For customer support chatbots, context window management involves balancing: - Enough RAG context for accurate answers (more context = more accurate) - Enough conversation history for continuity (more history = better multi-turn) - Space for a complete response (too little space = truncated answers) - Token costs (more tokens in context = higher per-conversation cost)

Why it matters

Context window size determines how much information your chatbot can consider when generating a response. A larger context window allows more RAG passages, longer conversation history, and more detailed system instructions — generally producing better answers. However, larger contexts also cost more and can increase latency.
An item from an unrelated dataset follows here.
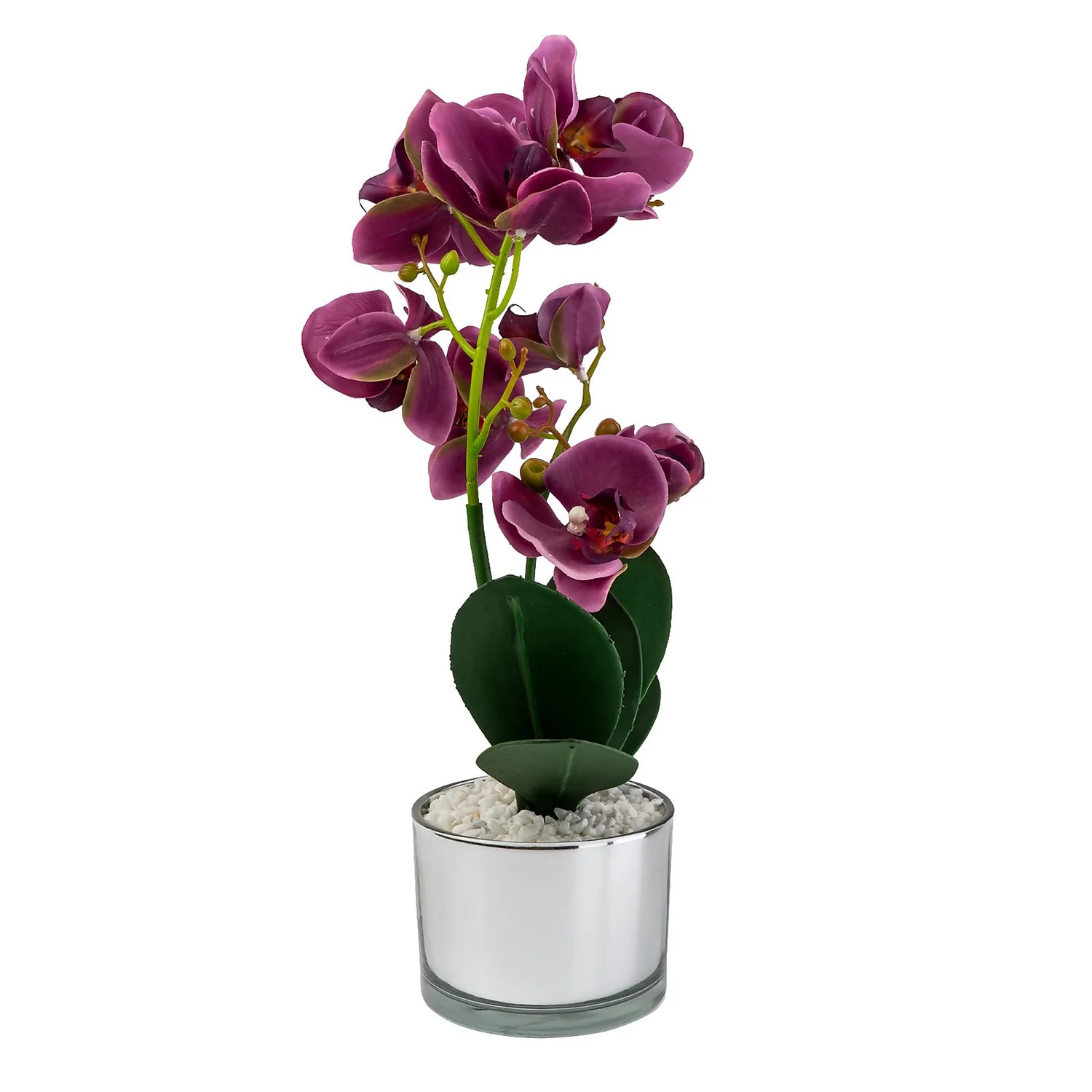This artificial purple orchid is complimented by a metallic silver pot

How Chatsy uses context window

Chatsy dynamically manages the context window based on conversation length and complexity. Short conversations get more space for RAG context (better retrieval accuracy). Long multi-turn conversations use a sliding window that summarizes older messages while preserving recent context. This ensures optimal use of available tokens regardless of conversation length.

Real-world examples

RAG context allocation for accuracy

For a factual question like "What is your refund policy?", the system allocates 60% of the context window to RAG passages (retrieving 5-8 relevant article sections) and 10% to conversation history. This maximizes the chance of including the correct answer in the context.

Long conversation management

A customer is on message 20 of a troubleshooting conversation. The full history would consume 4,000 tokens. The system summarizes messages 1-12 into a 200-token summary and keeps messages 13-20 in full, preserving the recent context while staying within limits.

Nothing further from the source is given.